I wonder if it's common for those steganography techniques to have some mechanism for defeating the fairly simple strategy of getting 2 copies of the file from different sources, and looking at the differences between them to expose all the watermarks.

(I'd think you would need sections of watermark that are the same for any 2 or n combinations of copies of the data, which may be pretty easy to do in many cases, though the difference makes detecting the general watermarking strategy massively easier for the un-watermarkers)

[–] [email protected] 2 points 7 months ago (1 children)

When is why you steghide random data to the image to fuck up the other end =]

[–] [email protected] 2 points 7 months ago (1 children)

Unless you know specifically what they're adding or changing this wouldn't work. If they have a hidden 'barcode' and you add another hidden 'barcode' or modify the image in a way to remove some or all of theirs, they'd still be able to read theirs.

[–] [email protected] 4 points 7 months ago

yeah, youd have to sample other downloads to collect statistics and unsteghide theirs to effectively ensure your fuzzing worked

[–] [email protected] 4 points 7 months ago* (last edited 7 months ago)

Good question. I believe the browser "Print to PDF" function simply saves the loaded PDF to a PDF file locally, so it wouldn't work (if I'm correct.)

I'm not an expert in this field, but you can ask on StackExchange or the author of MAT or exiftool. You can also do it yourself (I'll explain how) by making a PDF with a jpg file with your metadata, opening it and printing to pdf, and then extract the image Do let us know your findings! I'm on a smartphone so can't do it.

If you do try it yourself, a note from the linked SE page is that you won't be able to extract the original file extension (it's unknown, so you either have to know what it is, or look at the file headers, or try all extensions), so if you use your own .jpg with your own exif data, rename to .jpg when finished (I believe exif is handled differently based on file type.)

There are multiple tools to add exif data to an image but the exiftool website has some easy examples for our purpose.

(do this as the first step before adding to the PDF)

(command line here, but there are exiftool GUIs)

exiftool -artist="Phil Harvey" -copyright="2011 Phil Harvey" YourFile.jpg

Adds Phil Harvey and the copyright information to the file. If you're on a smartphone and have the time and really have to know, then hypothetically there should be web-based tools for every step needed. I'm just not familiar with any and it's possible the web-based tool would remove the metadata when creating or extracting the PDF.

[–] [email protected] 2 points 7 months ago

Okay, got it. Print the PDF, then scan it and save as PDF.

Or get some monks to get a handwritten copy, like the good old times.

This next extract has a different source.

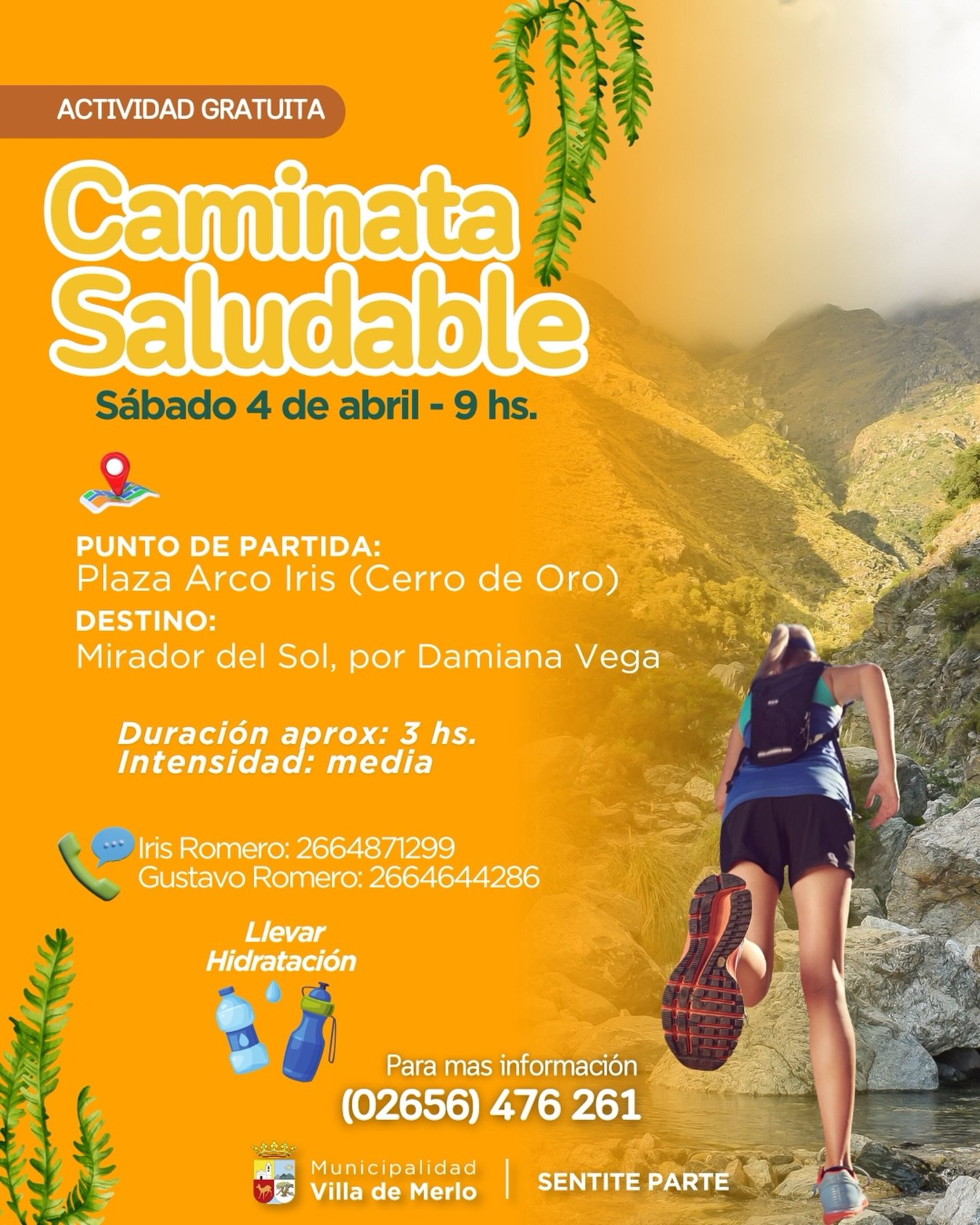📍El punto de partida será la plaza Arcoíris, en Cerro de Oro a las 9 hs, con destino al Mirador del Sol
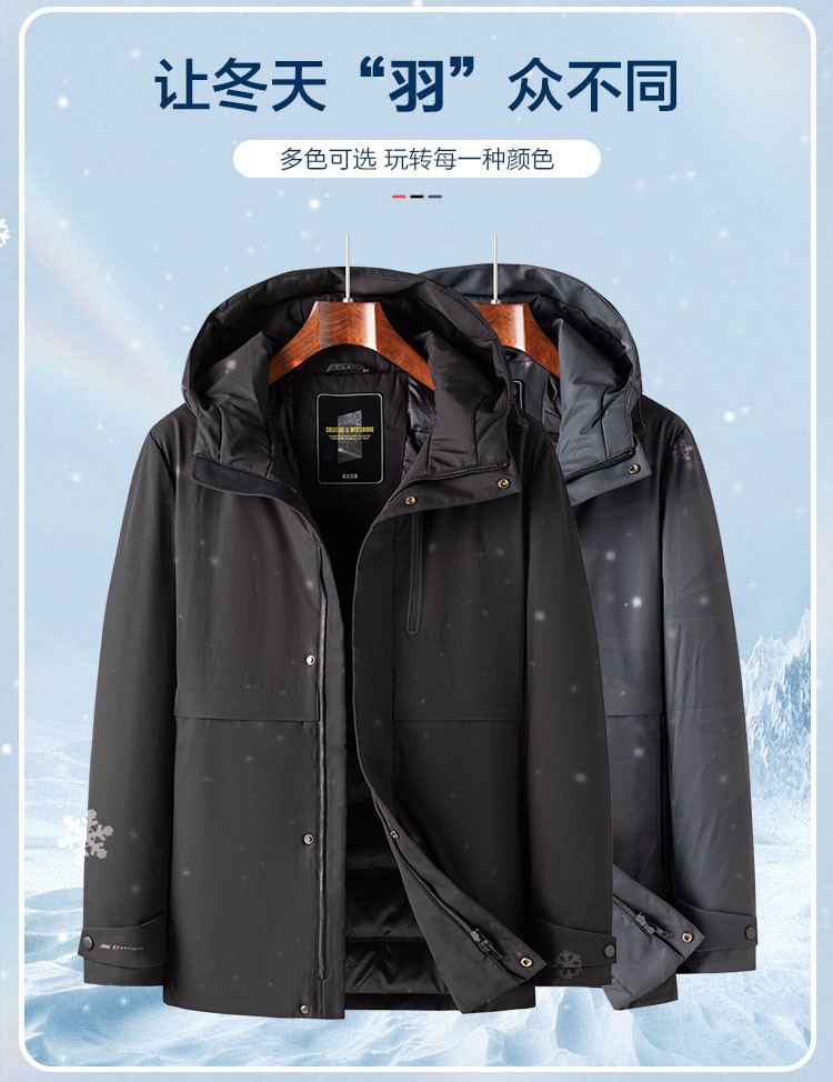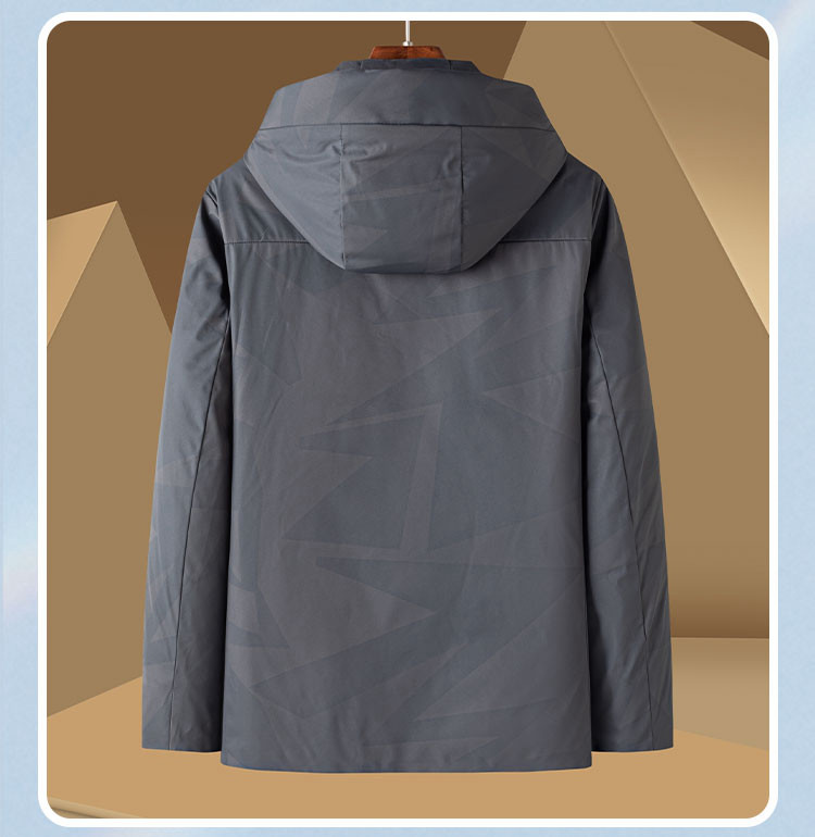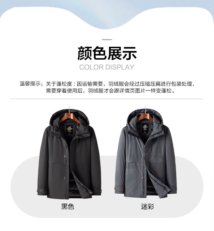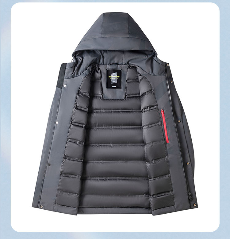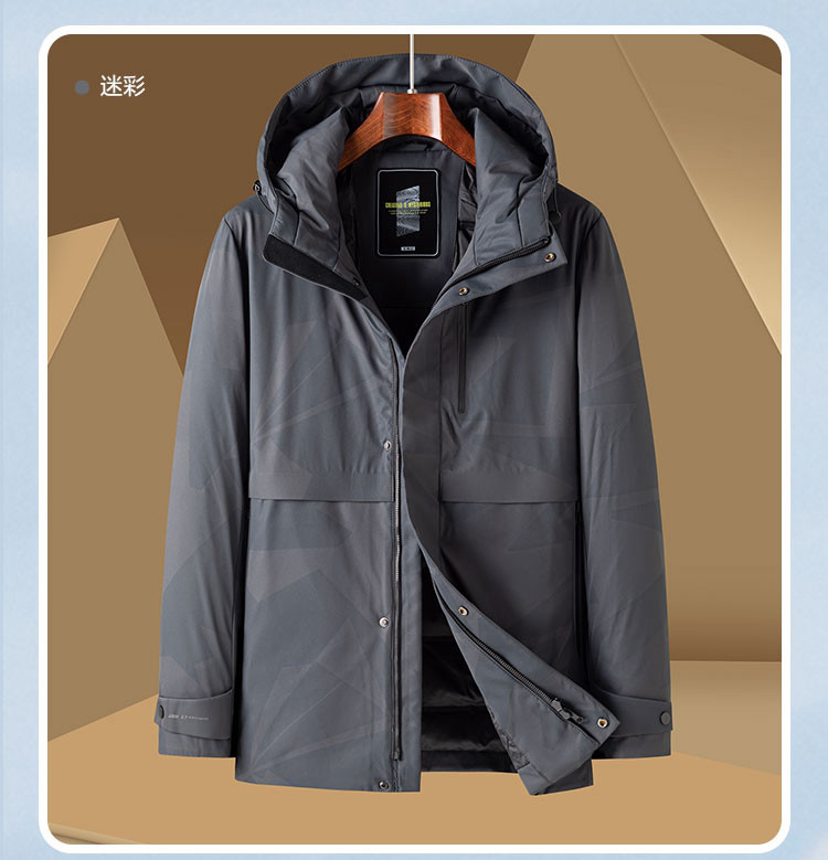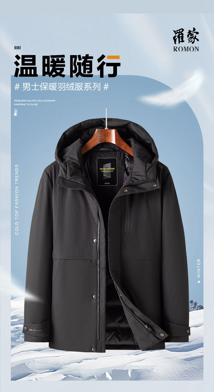【90白鸭绒】罗蒙秋冬男装暗纹迷彩连帽羽绒服男士中长款保暖外套男士羽绒服

[–] [email protected] 5 points 7 months ago

I know PDF providers who visibly print the customer's name or number in the header of every page, along with short copyright text. I use qpdf --stream-decompress to make the PDF into human-readable PostScript, and then Python+regex to remove each header text, which stand out a bit from other PDF elements. The script throws an error if more or fewer elements than pages have been removed but that hasn't happened yet. Processed documents sometimes have screwed-up non-ASCII characters in the Table of Contents for some reason but I don't have the originas anymore so IDK if it's my fault. Still, I wouldn't share the PDFs unless in text-only or printed form because of any other steganographic shenanigans in the file. I would absolutely torrent them if I could repurchase them under a new identity and verify that the files are identical.

BTW, has anyone figured out how to embed Python code in PDF? The whitespace always gets reencoded as x-coordinates so copy&pasting it never preserves indentation. No, you can't use the Ogham Space Mark (Unicode's only non-blank character classified as a space) for indentation in Python, I tried.

[–] Olgratin_Magmatoe 5 points 7 months ago

You'd be safer IRL printing it on a printer without yellow ink, then scanning it, then deleting the metadata from the scan.

[–] IlIllIIIllIlIlIIlI 3 points 7 months ago

I saw some that add background watermarks too into random pages and locations.